### What the task asks
Before anything else, drop the pictures; then return exactly the lines from the top of the listing through the line with "Giả sử \(\Delta".

### Data
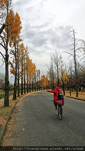 ,還有穿插紅色、棕色的楓葉,護城河保護著大阪城,河面倒影著藍天,大阪城公園這裡一直是我最喜歡的大阪景點,沒想到12月初居然有這番景致,原本以為這個時間點楓葉什麼都凋謝了,所以非旺季,這美景真的好意外,好幸福這一切很美好,一路都很平安,假日的公園許多市民在這邊騎單車、慢跑、甚至看到一大群7-10歲的小朋友隊伍慢跑,每個小朋友跑得臉紅通通,卻依舊賣力,我們悠閒的單車漫遊,或停或走,享受這片刻美好,這時候北鼻跟我說感謝我帶他來這裡,他非常喜歡,這時我也感到努力安排總算是雙方都開心
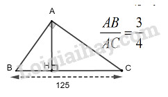 Giả sử \(\Delta ABC\) vuông tại \(A\) chiều cao \(AH, BC=125cm\) và \(\dfrac{{AB}}{{AC}} = \dfrac{3}{4}\)
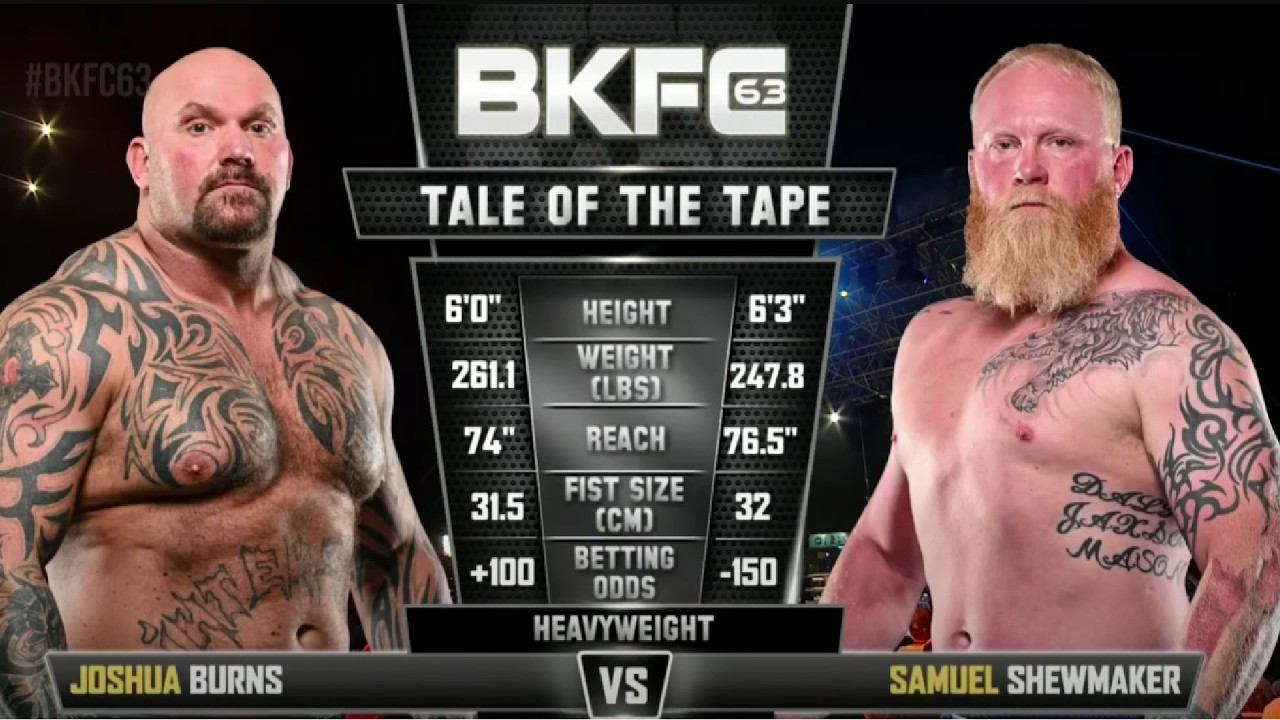 Sam Shewmaker faced Josh Burns from the Sturgis Motorcycle Rally on Saturday, August 3rd, 2024! Watch this entire card now on the BKFC+ App at www.BKFC.com. ✩ TOP VIDEOS ✩ - Best Female Fight of 2021: https://bit.ly/30CGB1C - Best Male Fight of 2022: https://youtu.be/hxUmviU06hI - Best Male Fight of 2023: https://bit.ly/3AeWBYX - Brutal KO Finish!: http://bit.ly/2kEtzvC ✩ HOW TO WATCH ON OUR APP ✩ - DOWNLOAD HERE: https://www.bareknuckle.tv/bktv The BKTV App includes monthly live events, pay-per-view exclusives, unlimited access to our entire catalog of past events, behind-the-scenes access & more! ADDITIONAL APP RESOURCES: ~ APPLE iPHONE: https://apple.co/3bf4cq5 ~ APPLE iPAD: https://apple.co/31BiZYN ~ ANDROID: https://bit.ly/3jl5Jxn ~ COMPUTER: https://watch.bareknuckle.tv/ ~ SMART TV & OTHER PLATFORMS: https://watch.bareknuckle.tv/ ✩ SUBSCRIBE ✩ - Smash that subscribe button here: https://bit.ly/2V5YEFV ✩ FOLLOW US ✩ - FACEBOOK: https://www.facebook.com/bareknucklefc/ - INSTAGRAM: BareKnuckleFC - TWITTER: BareKnuckleFC - WEBSITE: https://www.BKFC.com - LATEST MERCHANDISE: https://www.bareknuckle.tv/shop Wanna see more nonstop action? Make sure to hit that SUBSCRIBE button & leave us a comment below!

### Exercise result
 ,還有穿插紅色、棕色的楓葉,護城河保護著大阪城,河面倒影著藍天,大阪城公園這裡一直是我最喜歡的大阪景點,沒想到12月初居然有這番景致,原本以為這個時間點楓葉什麼都凋謝了,所以非旺季,這美景真的好意外,好幸福這一切很美好,一路都很平安,假日的公園許多市民在這邊騎單車、慢跑、甚至看到一大群7-10歲的小朋友隊伍慢跑,每個小朋友跑得臉紅通通,卻依舊賣力,我們悠閒的單車漫遊,或停或走,享受這片刻美好,這時候北鼻跟我說感謝我帶他來這裡,他非常喜歡,這時我也感到努力安排總算是雙方都開心
 Giả sử \(\Delta ABC\) vuông tại \(A\) chiều cao \(AH, BC=125cm\) và \(\dfrac{{AB}}{{AC}} = \dfrac{3}{4}\)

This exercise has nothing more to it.